Among the many variables that could influence a heart attack patient's survival may be the time between when a patient arrives in the emergency department and when treatment begins, said Dr. Nanette Wenger, professor emeritus of cardiology at the Emory University School of Medicine in Atlanta, who was not involved in the study.

The meeting with the emergency department physician for heart attack patients often can be brief, she added, with the majority of care being after hospital admission and by other doctors.

"The variable that I think would be even more important if you're just looking at the outcome of survival is the delay between the time the woman arrived at the emergency room and the time some definitive diagnosis was made and treatment instituted," Wenger said.

"If that woman was sitting in the emergency room for several hours as compared with several minutes, between the women and the men, that might be the difference. So the time would be an important variable, and that's not even addressed by the paper," she said.

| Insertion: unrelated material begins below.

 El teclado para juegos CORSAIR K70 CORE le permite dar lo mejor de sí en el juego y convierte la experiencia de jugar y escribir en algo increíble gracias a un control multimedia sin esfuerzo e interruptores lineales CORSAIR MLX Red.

"They're looking really at the correlation between the emergency room doctor, who was really the triage doctor who decides to admit the patient to the hospital, and it's a very limited look," she said. "I'm not sure what we can glean from it."

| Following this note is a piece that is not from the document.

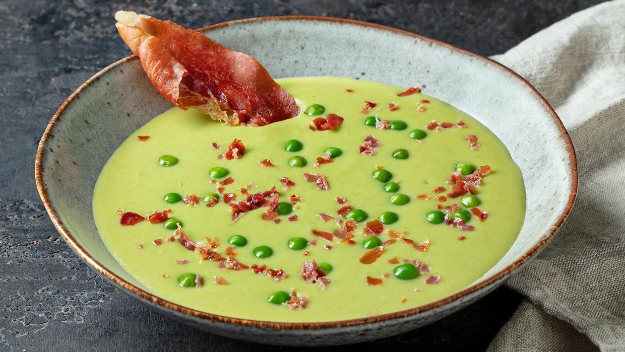 • Guarnecer o creme de ervilhas com o presunto crocante em pedaços e ervilhas inteiras.

'We should spend our time ensuring that no patient is missed'

The findings should be interpreted with caution, said Dr. Harlan Krumholz, a cardiologist and health care researcher at Yale University and Yale New Haven Hospital in Connecticut.

"The finding is jarring and likely to attract headlines, but the science is not even close to strong enough for anyone to conclude that women coming to the emergency department with chest pain should request a woman doctor," said Krumholz, who was not involved in the study.

"What is important is that a heart attack in women can be accompanied by many symptoms together that can delay the diagnosis. Men and women doctors in the emergency department need to be vigilant in diagnosing heart attacks, especially in younger women who are not usually thought of as having heart disease," he said.

"But whether, on average, women are better in doing that than men is not known," he said. "Meanwhile, we should spend our time ensuring that no patient is missed, regardless of who their doctor is."

Dr. Jennifer Haythe, a cardiologist and co-director of the Women's Center for Cardiovascular Health at Columbia University in New York, treats women with heart disease and has seen heart attack symptoms in women firsthand.

After reading the new study, in which she was not involved, Haythe wondered, "Is the reason that the women had better outcomes when they were treated by female physicians because that their symptoms were taken more seriously from the beginning and that their care was more appropriate at the outset?"

"I think that a lot of women have, over many years, been treated unfairly in the medical community when it comes to their symptoms of potential heart disease," she said. "That's something that's really coming to light now and I think a lot of places are trying to address."

A history of awareness efforts

Efforts to raise awareness about heart attacks in women launched in the early 2000s, said Dr. Nieca Goldberg, a cardiologist and medical director of the Joan H. Tisch Center for Women's Health at NYU Langone in New York, who was not involved in the new study.

If the study were conducted again with more recent data, the findings could be different based on those awareness efforts, she said.

For instance, the American Heart Association's Go Red campaign was created in 2004 to encourage awareness and action around heart disease in women.

"It's predominantly a campaign that's been driven by female cardiologists, and one wonders about how we should also engage the men," Goldberg said. "I think we have to engage all doctors who take care of patients, because every patient has a heart, and we need to make sure their doctor accounts for it."